Jurisprudence | Placement à des fins d’assistance
Un trouble éphémère de la conscience ne justifie pas un PAFA ; la compétence de décider d’un PAFA ne peut pas être déléguée ; précision de la notion de grave état d’abandon
Résumé
Le Dr A, appelé en urgence au chevet de Dame B en hypoglycémie, fit appel à des ambulanciers et leur remit un bon d’hospitalisation ainsi qu’un formulaire de placement à des fins d’assistance (ci-après PAFA) « à utiliser si besoin » : Dame B aurait tenu des propos agressifs, refusé d’entendre des explications et se serait montrée incapable de mener une argumentation, ce qui aurait dénoté un grave état d’abandon. Le Dr A fut dénoncé par les hôpitaux universitaires de Genève pour avoir pris une décision d’hospitalisation contre la volonté de Dame B alors même que celle-ci ne remplissait pas les conditions d’un PAFA. La Commission de surveillance prononça un avertissement à l’encontre du Dr A pour n’avoir pas compris les modalités du PAFA et parce qu’il n’avait pas le droit de laisser aux ambulanciers le choix d’exécuter une décision de PAFA. Le Dr A recourt au Tribunal fédéral (ci-après TF) qui confirme l’avertissement.
Le TF rappelle que le PAFA est un acte d’autorité débouchant sur une privation de liberté et que les actes d’autorité peuvent fonder une sanction disciplinaire.
Le Dr A ayant allégué que c’était un grave état d’abandon qui justifiait le PAFA le TF précise que cette notion doit être interprétée d’autant plus restrictivement qu’elle n’est pas mentionnée comme cause possible d’une privation de liberté par la Convention européenne des droits de l’homme (ci-après CEDH). Il estime d’autre part que la situation de Dame B n’avait rien à voir avec celles dans lesquelles il avait validé l’existence d’un état incompatible avec la dignité humaine.

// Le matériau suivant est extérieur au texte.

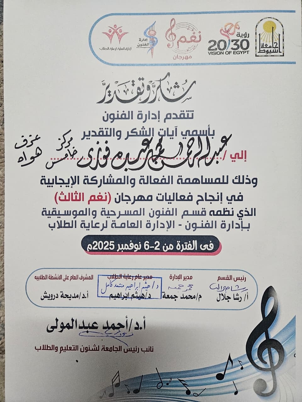 كلية الهندسة-مشاركة طلبه وطالبات الكلية فى فعاليات مهرجان " نغم الثالث " لاكتشاف المواهب الطلابية في مجال ( العزف _ الغناء _ الانشاد الديني ) 9 نوفمبر 2025 تم مد فترة الاستبيان الالكتروني حتي الخميس الموافق 2016/12/29 م علما بان الموقع يعمل في مواعيد العمل الرسمية من الساعة الثامنة صباحا الي الثانية بعد الظهر

Puis le TF constate que le Dr A n’a pris aucune des précautions imposées aux Autorités de protection de l’adulte et de l’enfant pour autoriser un PAFA : indiquer en quoi les éventuels troubles psychiques risquaient de mettre la vie de Dame B ou de tiers en danger, dire s’il y avait nécessité de l’assister ou de la traiter, préciser les risques concrets pour la vie pour la santé de Dame B qui subsisteraient si la prise en charge préconisée n’était pas mise en œuvre et signaler si Dame B prenait conscience de sa maladie et de la nécessité d’un traitement. Dans tous les cas, une altération passagère de la conscience ayant une cause somatique fait obstacle à une mesure aussi extrême qu’un PAFA. Constatant au surplus que la loi ne laisse pas la possibilité à un médecin de déléguer la prérogative d’apprécier concrètement les conditions matérielles d’un PAFA, le TF confirme que le Dr A a lourdement contrevenu à ses obligations professionnelles et violé la loi.

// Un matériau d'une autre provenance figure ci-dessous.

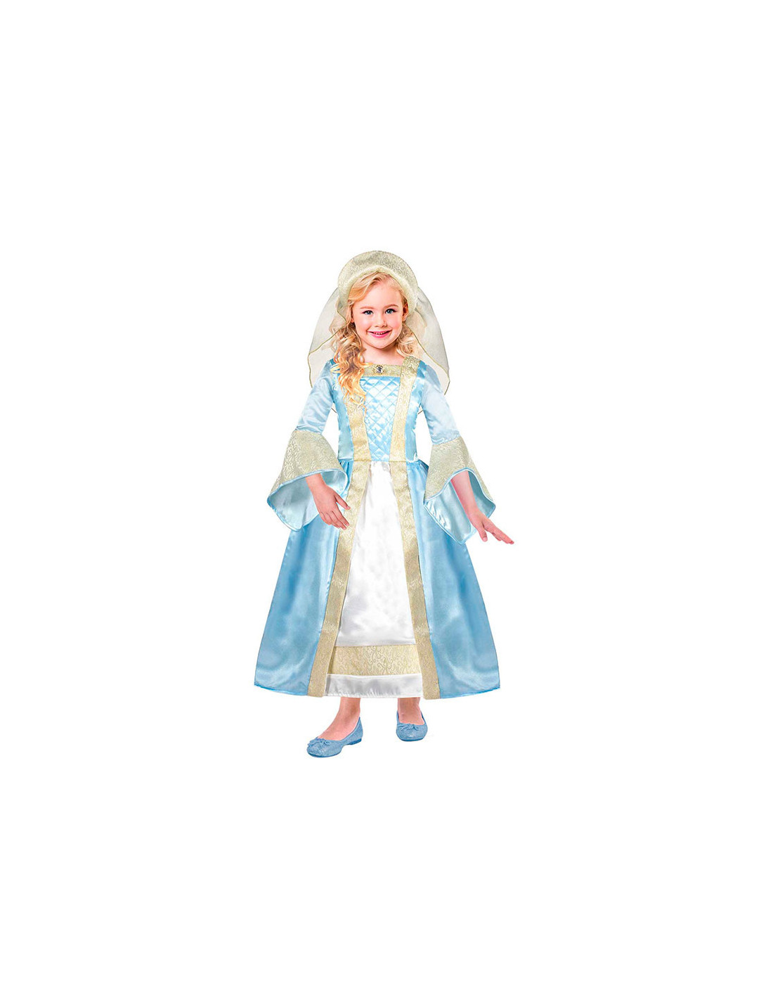Este completo disfraz medieval Tudor para niña contiene un vestido azul claro de Tudor con un hermoso adorno de jacquard dorado. Incluye un tocado Tudor con velo. 95% poliéster, 5% nylon

Finalement, le TF répond aux tentatives de justification du Dr A qui se prévaut de son obligation de prêter assistance en cas d’urgence. Doutant de l’existence d’une situation d’urgence, le TF rappelle que même en cas d’urgence le médecin doit respecter les règles de l’art. Considérant que l’acte du Dr A était révélateur d’un manque de connaissance des principes essentiels du bon fonctionnement de l’activité médicale, que ses fautes étaient sérieuses et qu’il avait créé les conditions d’une atteinte grave à la liberté personnelle de Dame B, le TF confirme l’avertissement, qui est la plus faible des sanctions.
Commentaire
Reste à espérer que la légèreté du Dr A est l’unique source d’une utilisation inconséquente de mesures gravement coercitives. Il serait inquiétant de devoir incriminer le manque de formation ou une pratique médicale contemporaine voyant le·la praticien·ne abandonner le·la patient·e ainsi que ses compétences professionnelles pour courir à ses plaisirs. Notons encore que le grave état d’abandon, tel un caillou dans la chaussure du PAFA, fait boiter les tribunaux qui ne savent plus comment rendre cette notion suisse compatible avec la CEDH qui l’ignore.